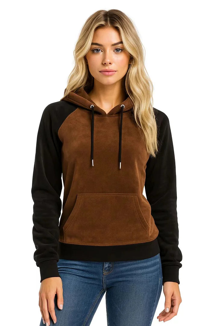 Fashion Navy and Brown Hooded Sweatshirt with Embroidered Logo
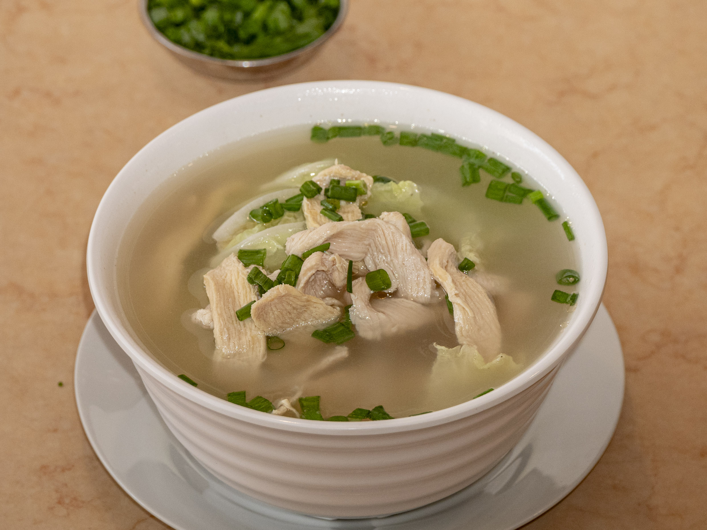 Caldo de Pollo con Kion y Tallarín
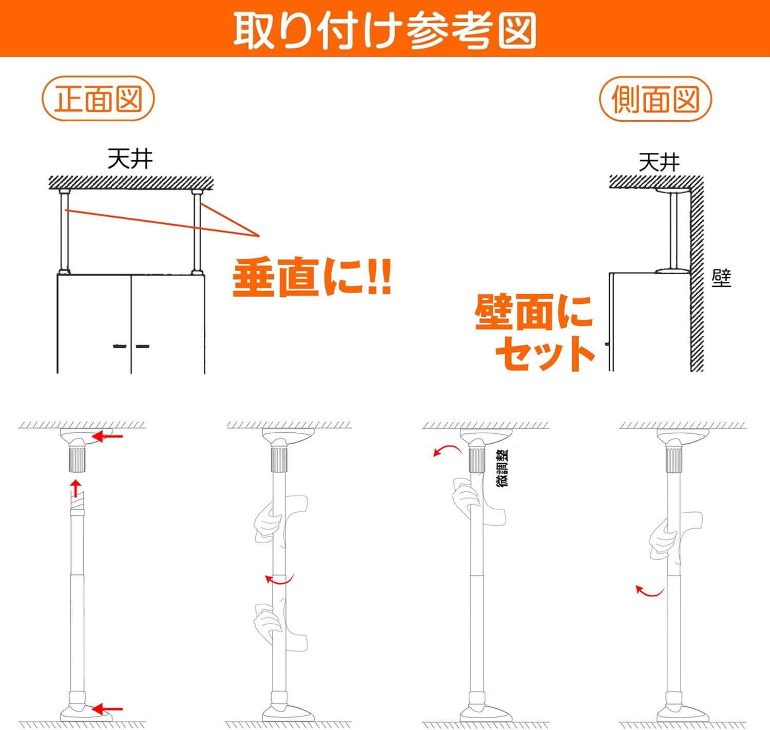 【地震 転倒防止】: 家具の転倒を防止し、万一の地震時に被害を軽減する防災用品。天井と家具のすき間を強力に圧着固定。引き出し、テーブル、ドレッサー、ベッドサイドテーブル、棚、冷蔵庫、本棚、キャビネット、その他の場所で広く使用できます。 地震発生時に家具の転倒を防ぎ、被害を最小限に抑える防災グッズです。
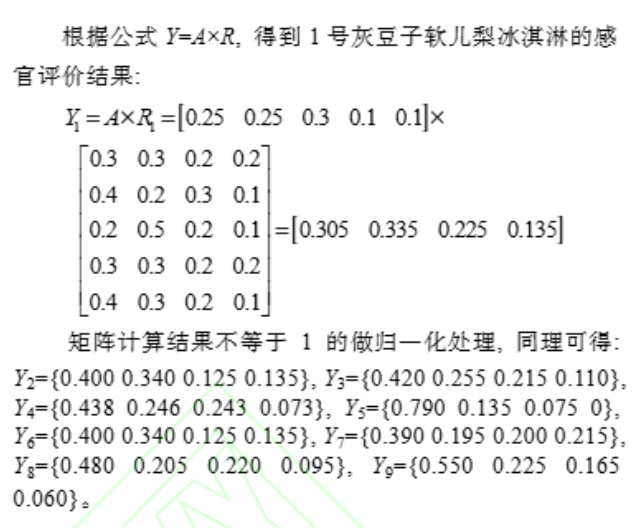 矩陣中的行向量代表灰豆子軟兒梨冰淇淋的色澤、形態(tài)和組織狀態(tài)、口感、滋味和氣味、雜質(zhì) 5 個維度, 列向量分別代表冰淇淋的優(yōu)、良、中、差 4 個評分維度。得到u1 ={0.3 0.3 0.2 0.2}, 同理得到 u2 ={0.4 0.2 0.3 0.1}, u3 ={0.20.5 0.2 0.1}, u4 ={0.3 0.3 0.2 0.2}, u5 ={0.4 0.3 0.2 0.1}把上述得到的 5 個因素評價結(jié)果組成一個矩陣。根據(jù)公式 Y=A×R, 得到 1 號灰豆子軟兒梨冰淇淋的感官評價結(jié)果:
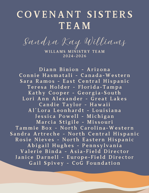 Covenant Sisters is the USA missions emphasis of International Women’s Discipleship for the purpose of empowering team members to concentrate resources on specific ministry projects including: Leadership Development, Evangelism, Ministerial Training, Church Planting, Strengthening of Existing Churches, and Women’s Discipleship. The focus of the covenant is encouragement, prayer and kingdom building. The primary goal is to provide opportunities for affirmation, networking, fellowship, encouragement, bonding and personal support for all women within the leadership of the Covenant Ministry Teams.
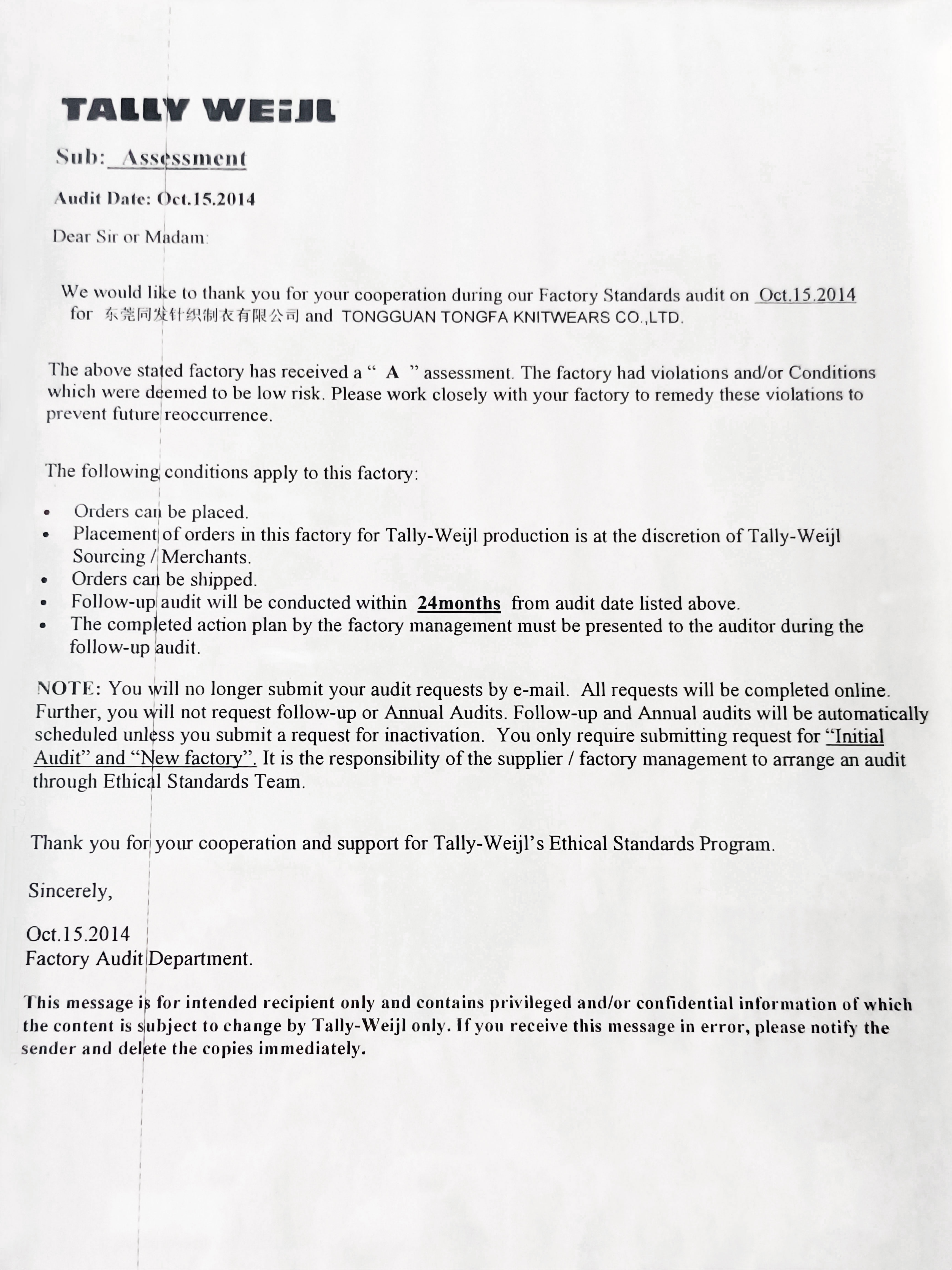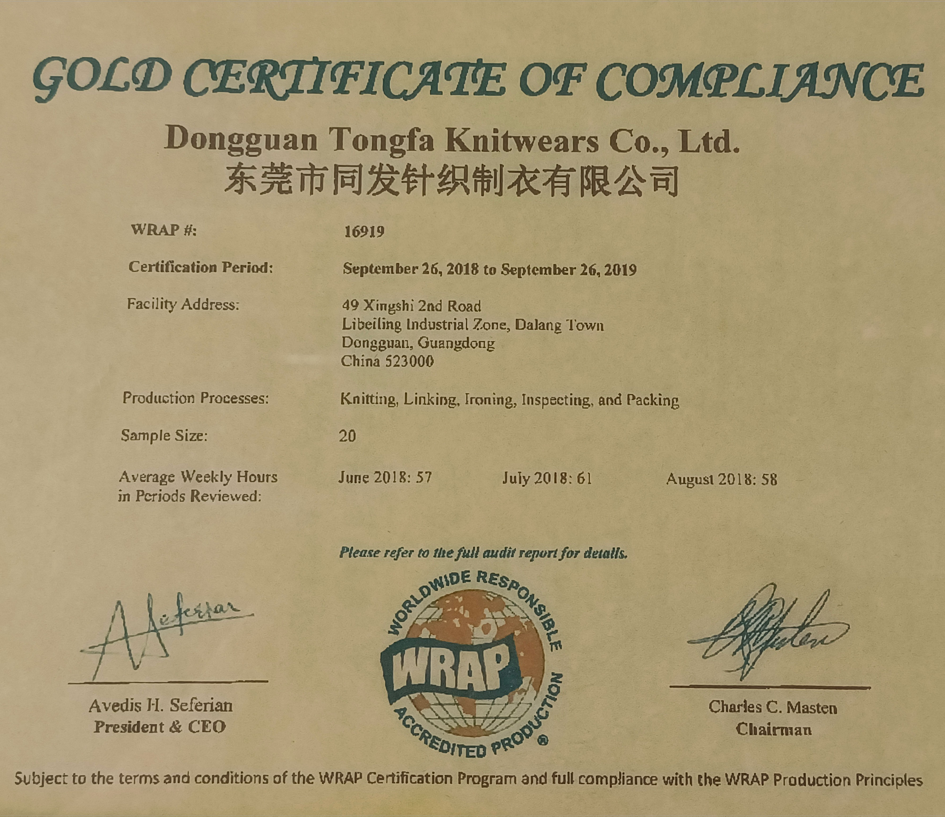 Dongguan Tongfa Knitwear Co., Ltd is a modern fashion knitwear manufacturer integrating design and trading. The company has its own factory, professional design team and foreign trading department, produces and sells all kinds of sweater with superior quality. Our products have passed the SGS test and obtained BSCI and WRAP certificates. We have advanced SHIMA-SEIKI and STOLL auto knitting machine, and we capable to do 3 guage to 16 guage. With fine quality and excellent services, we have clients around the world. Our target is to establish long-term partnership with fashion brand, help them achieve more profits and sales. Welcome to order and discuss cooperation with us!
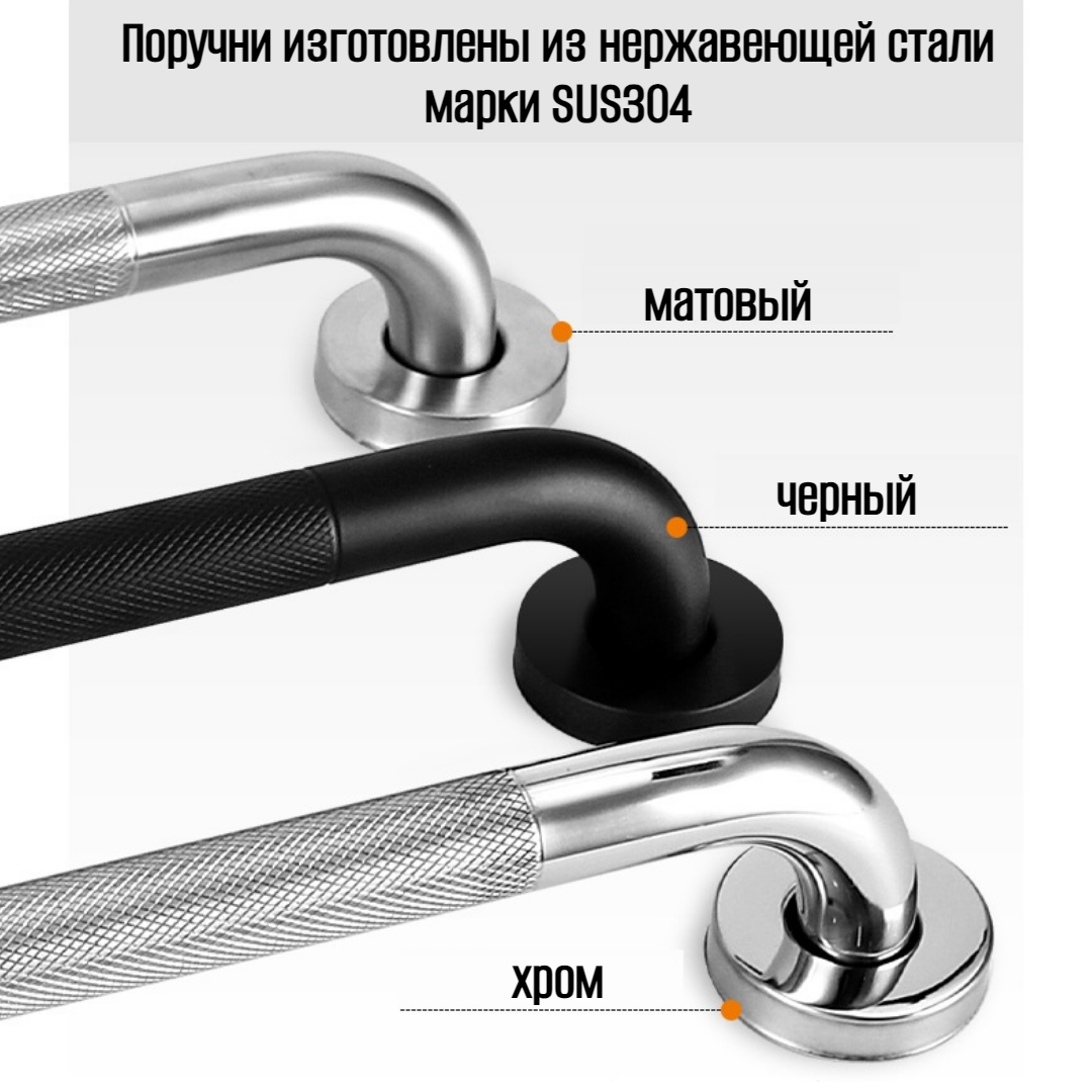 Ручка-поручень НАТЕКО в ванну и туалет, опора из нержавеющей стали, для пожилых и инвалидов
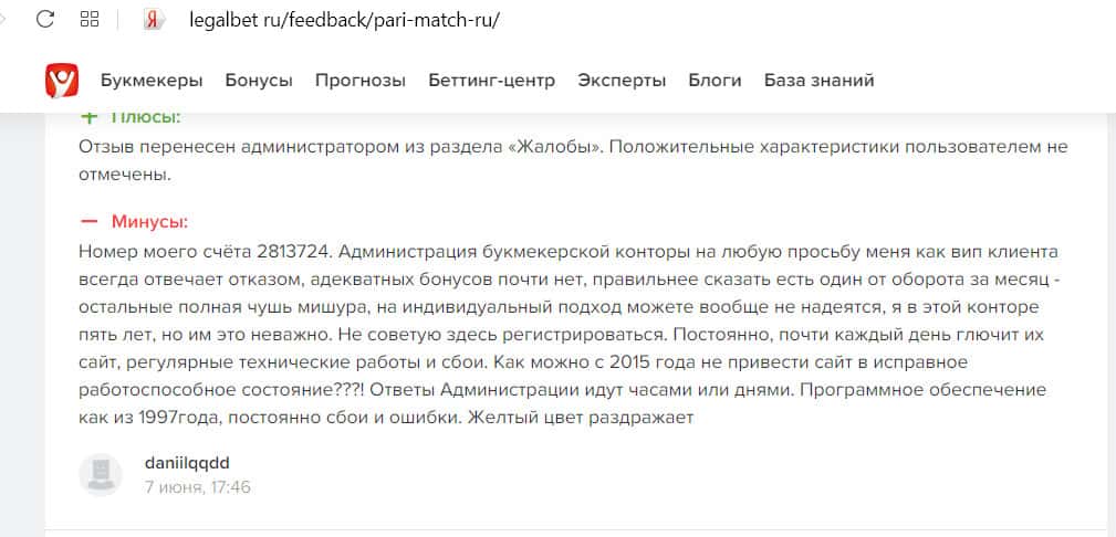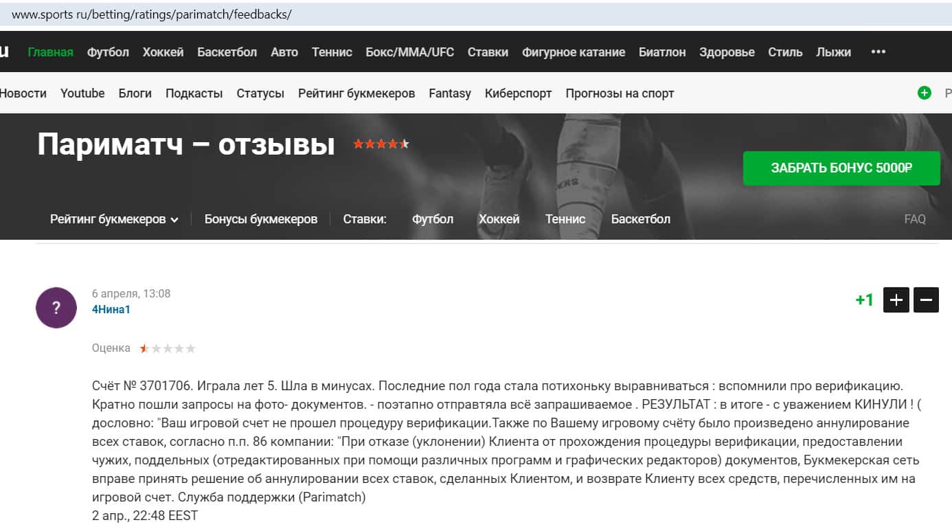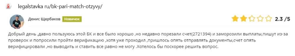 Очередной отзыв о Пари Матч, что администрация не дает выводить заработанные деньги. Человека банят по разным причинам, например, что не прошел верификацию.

### PROMPT
The line that contains "Caldo de Pollo con Kion y Tallarín" begins the range and the last line of the entries ends it; print that range exactly, without pictures.

### SOLUTION FOR THIS EXERCISE
 Caldo de Pollo con Kion y Tallarín
 【地震 転倒防止】: 家具の転倒を防止し、万一の地震時に被害を軽減する防災用品。天井と家具のすき間を強力に圧着固定。引き出し、テーブル、ドレッサー、ベッドサイドテーブル、棚、冷蔵庫、本棚、キャビネット、その他の場所で広く使用できます。 地震発生時に家具の転倒を防ぎ、被害を最小限に抑える防災グッズです。
 矩陣中的行向量代表灰豆子軟兒梨冰淇淋的色澤、形態(tài)和組織狀態(tài)、口感、滋味和氣味、雜質(zhì) 5 個維度, 列向量分別代表冰淇淋的優(yōu)、良、中、差 4 個評分維度。得到u1 ={0.3 0.3 0.2 0.2}, 同理得到 u2 ={0.4 0.2 0.3 0.1}, u3 ={0.20.5 0.2 0.1}, u4 ={0.3 0.3 0.2 0.2}, u5 ={0.4 0.3 0.2 0.1}把上述得到的 5 個因素評價結(jié)果組成一個矩陣。根據(jù)公式 Y=A×R, 得到 1 號灰豆子軟兒梨冰淇淋的感官評價結(jié)果:
 Covenant Sisters is the USA missions emphasis of International Women’s Discipleship for the purpose of empowering team members to concentrate resources on specific ministry projects including: Leadership Development, Evangelism, Ministerial Training, Church Planting, Strengthening of Existing Churches, and Women’s Discipleship. The focus of the covenant is encouragement, prayer and kingdom building. The primary goal is to provide opportunities for affirmation, networking, fellowship, encouragement, bonding and personal support for all women within the leadership of the Covenant Ministry Teams.
 Dongguan Tongfa Knitwear Co., Ltd is a modern fashion knitwear manufacturer integrating design and trading. The company has its own factory, professional design team and foreign trading department, produces and sells all kinds of sweater with superior quality. Our products have passed the SGS test and obtained BSCI and WRAP certificates. We have advanced SHIMA-SEIKI and STOLL auto knitting machine, and we capable to do 3 guage to 16 guage. With fine quality and excellent services, we have clients around the world. Our target is to establish long-term partnership with fashion brand, help them achieve more profits and sales. Welcome to order and discuss cooperation with us!
 Ручка-поручень НАТЕКО в ванну и туалет, опора из нержавеющей стали, для пожилых и инвалидов
 Очередной отзыв о Пари Матч, что администрация не дает выводить заработанные деньги. Человека банят по разным причинам, например, что не прошел верификацию.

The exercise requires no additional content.